There are year-end business tax strategies that businesses and professionals can take advantage of before December 31, 2011. If your business takes advantage of these tax tips, it may lower your tax bill for 2011. If you expect to make a profit in 2011, this article may be helpful to you. If you expect to take a loss, there are still tips here for you. These tax tips may be particularly helpful for sole proprietorships with just the owner or a couple of employees or one-person LLC's. Always check with your tax accountant at the end of the tax year.
1. Reduce Your Net Income
If your company is in the black with positive net income, that's great. What do you forecast your 2012 income to be? If you forecast it to be less than your 2011 income or about the same, you want to use strategies to reduce 2011 income as much as possible before the end of the year because your tax liability is based on your net income. Most of the tax tips that follow are focused on reducing your net income to lower your taxable income.
The first thing to do is analyze your cash flow. Do you have enough cash flow to do things like prepay your expenses? Buy equipment? Pay your payroll tax? Pay invoices in 2011 instead of 2012. It is always important to have sufficient cash flow for your business and at the end of the tax year, it is particularly important so you can reduce your tax liability in these areas.
If your forecasted 2012 income is substantially more than your 2011 income, then you do not want to defer 2011 income to 2012.
2. Prepay Your Expenses
If your business uses cash-basis accounting, you record your expenses when they occur. That gives you the opportunity to prepay 2012 expenses in 2011. If you have plans for big expenses, go ahead with them now.
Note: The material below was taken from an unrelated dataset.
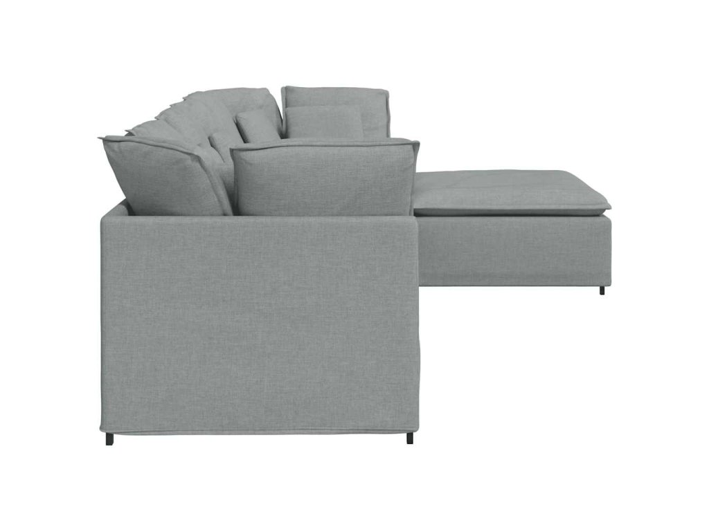 - Modulární konstrukce: Modulární konstrukce pohovky umožňuje snadnou změnu konfigurace tak, aby vyhovovala jakémukoli uspořádání místnosti. Modul podnožky můžete umístit na pravou nebo levou stranu a přizpůsobit jej tak svým potřebám a osobním preferencím. Tato flexibilní sestava zajišťuje všestranné řešení sezení, které se dokonale přizpůsobí vašemu prostoru a životnímu stylu.

For example, if you are starting an advertising program, get started now. If you have office supplies to buy, stock up in 2011. If you are a manufacturer, get repairs made on your equipment before the end of the year. Inventory purchases do not count unless it is obsolete inventory. You can make your payment with cash, check, or credit card and have it count for 2011.
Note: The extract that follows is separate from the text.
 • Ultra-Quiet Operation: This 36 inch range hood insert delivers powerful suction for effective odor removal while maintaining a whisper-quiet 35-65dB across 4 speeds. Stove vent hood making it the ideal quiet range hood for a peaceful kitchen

If you use the accrual accounting method, prepaying expenses becomes a bit more complicated. You may be able to write a check with the date before December 31 and pay expenses. However, you might have to prove that the check was cashed and the goods were delivered before the end of the year. This is a good point on which you should check with your tax accountant.
3. Major Equipment Purchase and Depreciation Expense
Do you need to buy any equipment? If you need the deductions for equipment to lower your taxable income in 2011, go ahead and take the Section 179 deduction now. In 2011, you can deduct as much as $500,000 in capital equipment. In 2012, that falls off to $139,000. If you need more than $139,000 in equipment, buy it now if you want to be able to depreciate it in one year. Remember that you can only use the Section 179 deduction if your business was profitable in 2011.
Check out the IRS Publication 946 to get more information about the Section 179 depreciation deduction.
4. Business Vehicle Write-Offs for 2011
If you purchase a vehicle for your business before January 1, 2012 that weighs more than 6,000 pounds, you are buying a significant tax write-off. If you use this vehicle 100% of this vehicle for business, you have a 100% write-off for business under the Section 179 IRS depreciation deduction. But, be careful. You may have to prove to the IRS that you do use the vehicle 100% for business so keep a detailed log in your car. Commuting miles do not count, so it may be difficult to prove that you do indeed use the vehicle 100% for business.
Even if you do not use the vehicle 100% for business, you can calculate the percentage that you do use the vehicle for business; for example, 70%, and take 70% of the cost of the vehicle under the Section 179 depreciation deduction. You still must keep a detailed log in case of an audit.
If you don't want one of these monster vehicles, you can also save if you buy a business vehicle under 6,000 pounds. If the vehicle costs more than $15,300, you can take first-year depreciation of $11,060. If your vehicle costs more than $30,625, you will get an even larger depreciation deduction.
5. Establish a Retirement Plan for Your Business
Even if you are the owner of the business and the only employee, you should establish a business retirement plan as it will lower your taxable income. The plans should be set up by December 31 and you, as an employer, should make your contribution by December 31. If the plan is already set up and it is an IRA plan, then you have until April 17, 2012 to make your contribution.
Excellent plans to set up for a business are the 401(k), the SEP-IRA, the SIMPLE plan, and the Roth IRA. There are more, but these are the best and most common. For my own small business, I use the SEP IRA as it is good for the self-employed.
Contributions to your employees' and your own retirement plans are tax-deductible and will lower your taxable income and your tax liability for 2011.
6. Charitable Contributions
Business charitable contributions are fairly complex so you may want to talk to your accountant before you do your year-end tax planning. Anything you want to donate to charity must be donated by December 31, 2011. There is no extension on this.
You also must donate to an IRS-approved charitable organization. There is a list of those on the IRS website. You can deduct cash, in-kind gifts such as property or equipment, and mileage and travel getting to work at a charitable organization.